Evaluating the graphs above, we notice a significant non-linearity between job satisfaction and probability of staying. People at the low and middle levels of satisfaction have high probabilities of leaving, with lower probabilities in between and around. These patterns would be obscured if we were to look just at the bar graphs (#3 below) comparing the mean satisfaction of those who left and those who stayed. In particular, we would know very little about the employees with low-medium satisfaction levels (The chunk of people on the left of graph #1 with low probabilities of leaving).

This variable may need a third- (or even fourth) order polynomial.

Evaluation

In [10]:
fig, ax = plt.subplots(3,1, figsize = (15,18));
sns.barplot(data = data, x = 'Evaluation', y= 'Left', ax = ax[0], color = sns.xkcd_rgb["pale red"]);
sns.regplot(data = data, x = 'Evaluation', y= 'Left', y_jitter=.02,
            scatter_kws={'alpha':0.05, 'color':cols}, fit_reg = False, ax = ax[1]);
sns.barplot(data = data, x= 'Left', y = 'Evaluation', ax = ax[2]);
ax[0].set_ylabel('Proportion Leaving'); ax[0].set_xticklabels([])
ax[1].set_xlabel("Evaluation"); ax[1].set_yticks([0,1]); ax[1].set_yticklabels(['Stayed','Left']);
ax[1].set_ylabel('');
ax[2].set_xticklabels(['Stayed','Left']); ax[2].set_ylabel('Mean Evaluation Score')
fig.tight_layout()

In these plots, we see very similar non-linear trends to those of "Satisfaction". Again, mean evaluation scores (plot #3) hide the fact that the people who leave come from opposite ends of the spectrum in terms of their evaluation -- so their average is equivalent to those who stayed. A quadratic term will be appropriate to include in our model.

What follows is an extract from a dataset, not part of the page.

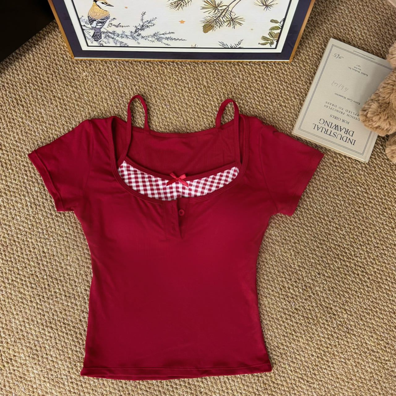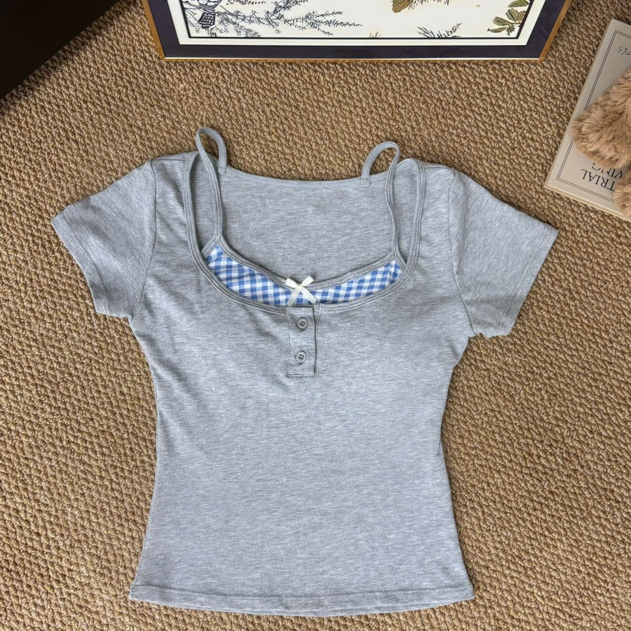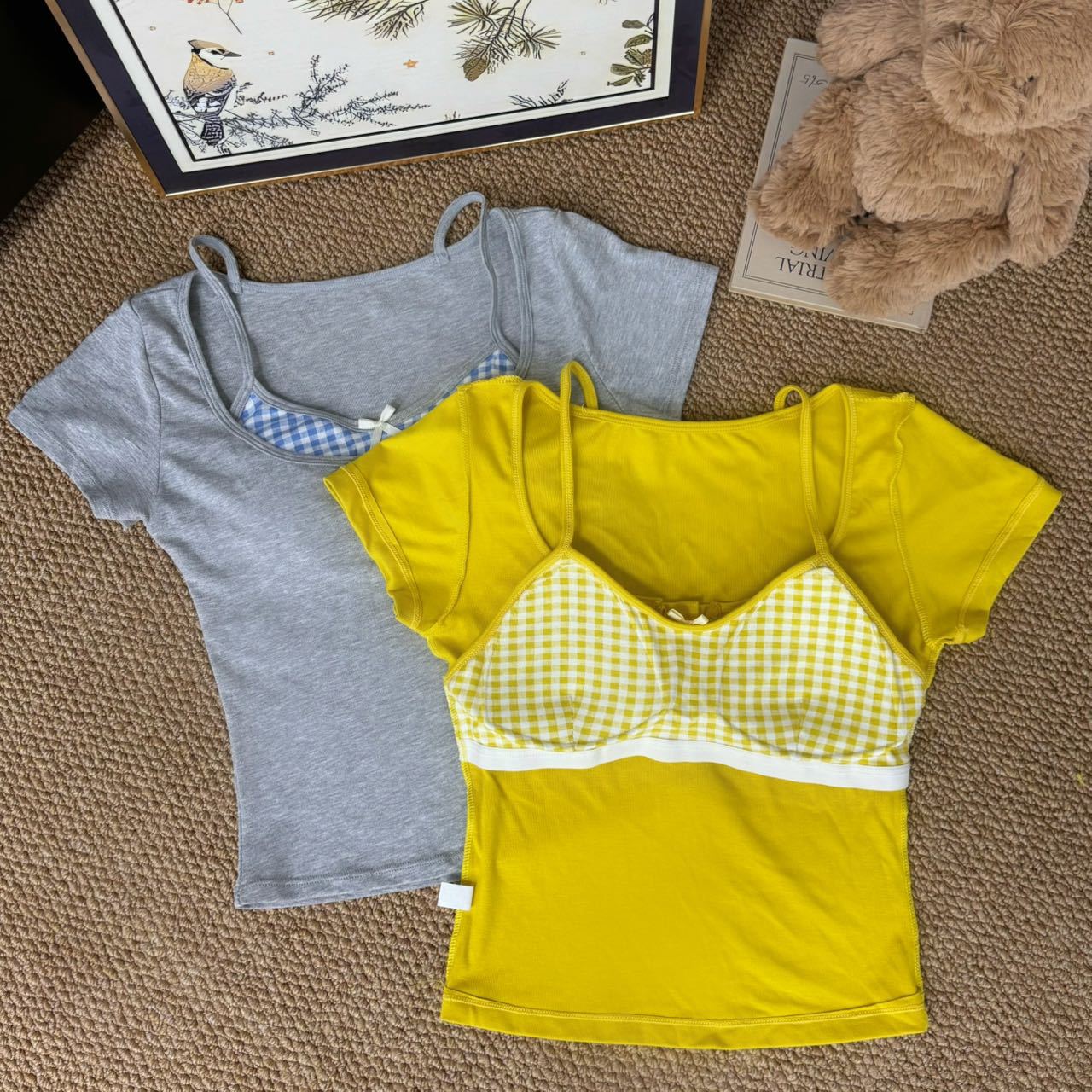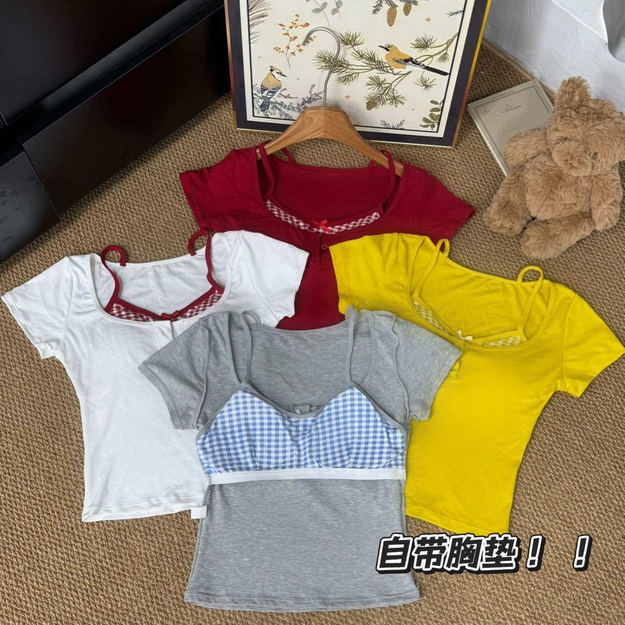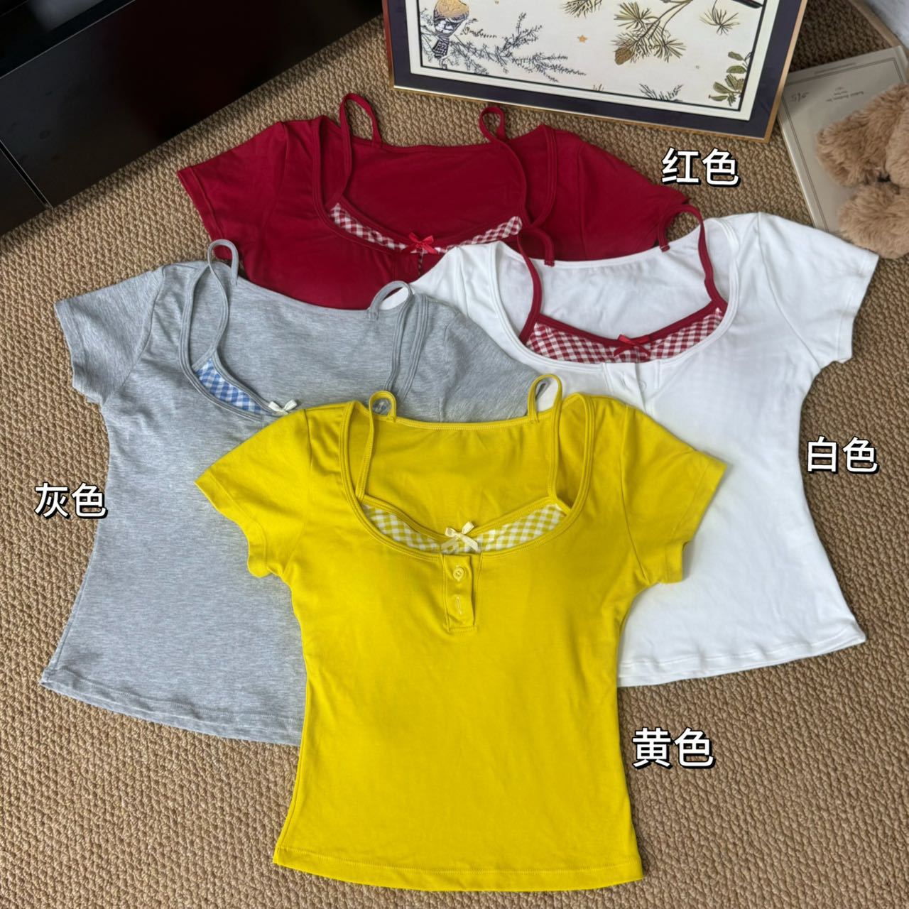 도파민 노란색 반 오픈 칼라 어깨 반팔 티셔츠 여성용 여름 디자인 센스 플리츠 슬림 핏 핫 걸 쇼트탑스토어 가기

Also interesting to note: the odds-ratio associated with Evaluation was lower than other variables. This may be due to the fact that the relationship is non-linear.

Evaluation X Satisfaction

In [11]:
#sns.set(rc = snsdict)
plt.rcParams.update(pltdict)
stayed = plt.scatter(x = data.Evaluation[data.Left == 0], y = data.Satisfaction[data.Left == 0], 
                     c= current_palette[0], alpha = .4);
left = plt.scatter(x = data.Evaluation[data.Left == 1], y = data.Satisfaction[data.Left == 1], 
                   c= current_palette[1], alpha = .4)
plt.xlabel("Evaluation"); plt.ylabel("Satisfaction");
plt.title("Satisfaction and Evaluation by Group");
leg = plt.legend((stayed,left), ("Stayed","Left"),fontsize=16, bbox_to_anchor=(.98, .65));
for lh in leg.legendHandles: lh.set_alpha(1)

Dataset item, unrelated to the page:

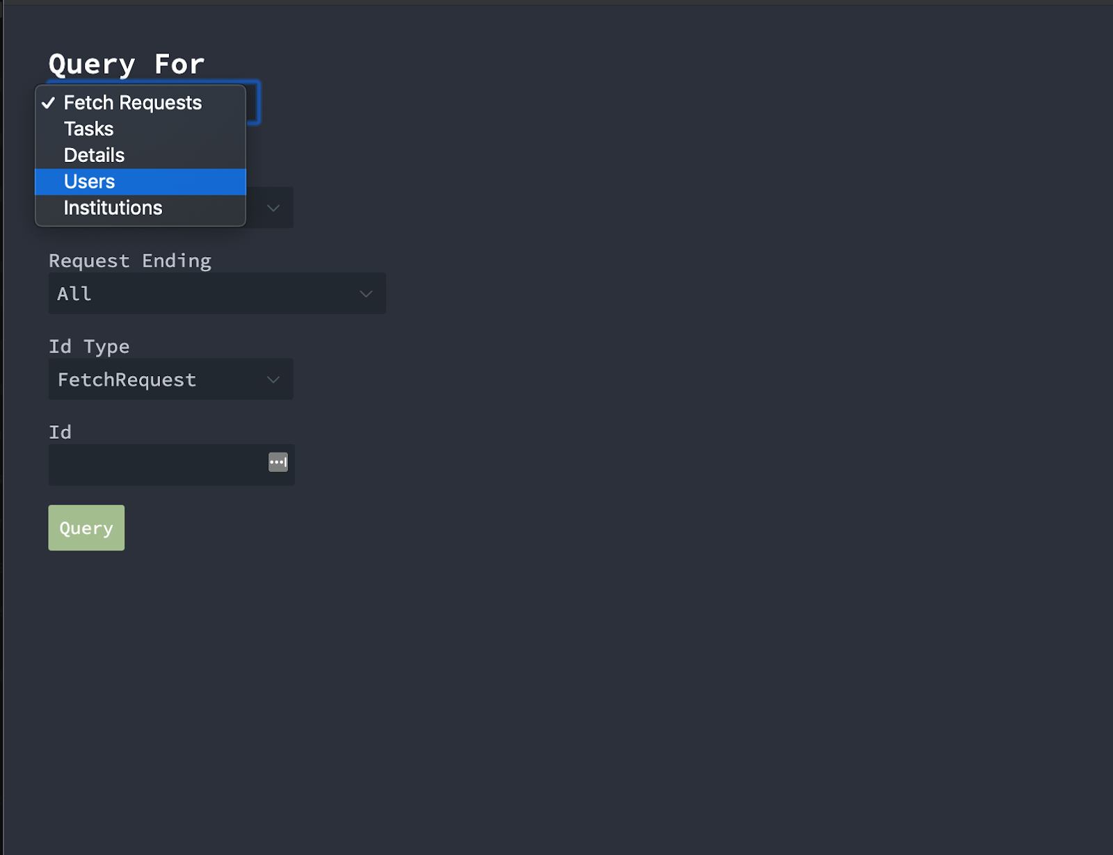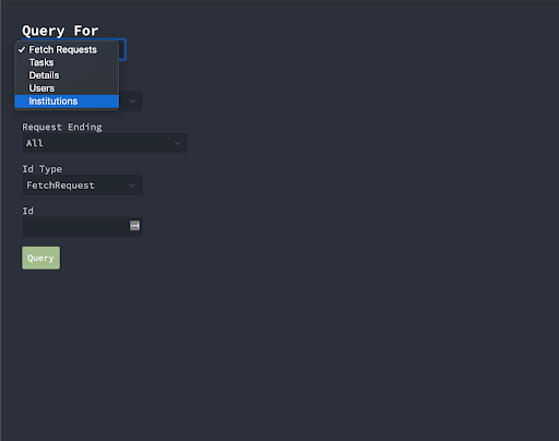 1. Under the Query For dropdown, select Institutions.

Here we see some interesting patterns in the data. There seem to be very distinct chunks of data separated by these two variables. This could possibly be due to how the data were simulated (maybe at some point there was some censoring?).

These graphs also suggest the possibility of an interaction (or 'synergy') effect between satisfaction and evaluation. It may be helpful to include this in our model. Let's also take a look at whether we can see any patterns of errors in our original predictions based on this visualization setup.

In [12]:
plt.rcParams.update(pltdict)
data['Predicted'] = ['Left' if pred else 'Remained' for pred in lr.predict(X)]
data['Outcome'] = ['Left' if left else 'Remained' for left in data.Left]
sns.lmplot(x = 'Evaluation', y = 'Satisfaction',hue = 'Predicted', 
           hue_order = ['Remained','Left'],col = 'Outcome', data = data, fit_reg=False,
            scatter_kws={'alpha':0.2}, legend = False);
leg = plt.legend((stayed,left), ("Remained","Left"),fontsize=16, bbox_to_anchor=(.98, .65));
for lh in leg.legendHandles: lh.set_alpha(1);
leg.set_title('Prediction')
---------------------------------------------------------------------------
AttributeError                            Traceback (most recent call last)
 in ()
      6             scatter_kws={'alpha':0.2}, legend = False);
      7 leg = plt.legend((stayed,left), ("Remained","Left"),fontsize=16, bbox_to_anchor=(.98, .65));
----> 8 for lh in leg.legendHandles: lh.set_alpha(1);
      9 leg.set_title('Prediction')

AttributeError: 'NoneType' object has no attribute 'set_alpha'

The left plot above shows us true positives (green), and false negatives (blue). Thus, the blue dots are the classification failures that led to our low recall/sensitivity metric. We see two blocks of blue that we miss classified. An interaction effect between satisfaction and evaluation, along with other features, may help us account for these errors.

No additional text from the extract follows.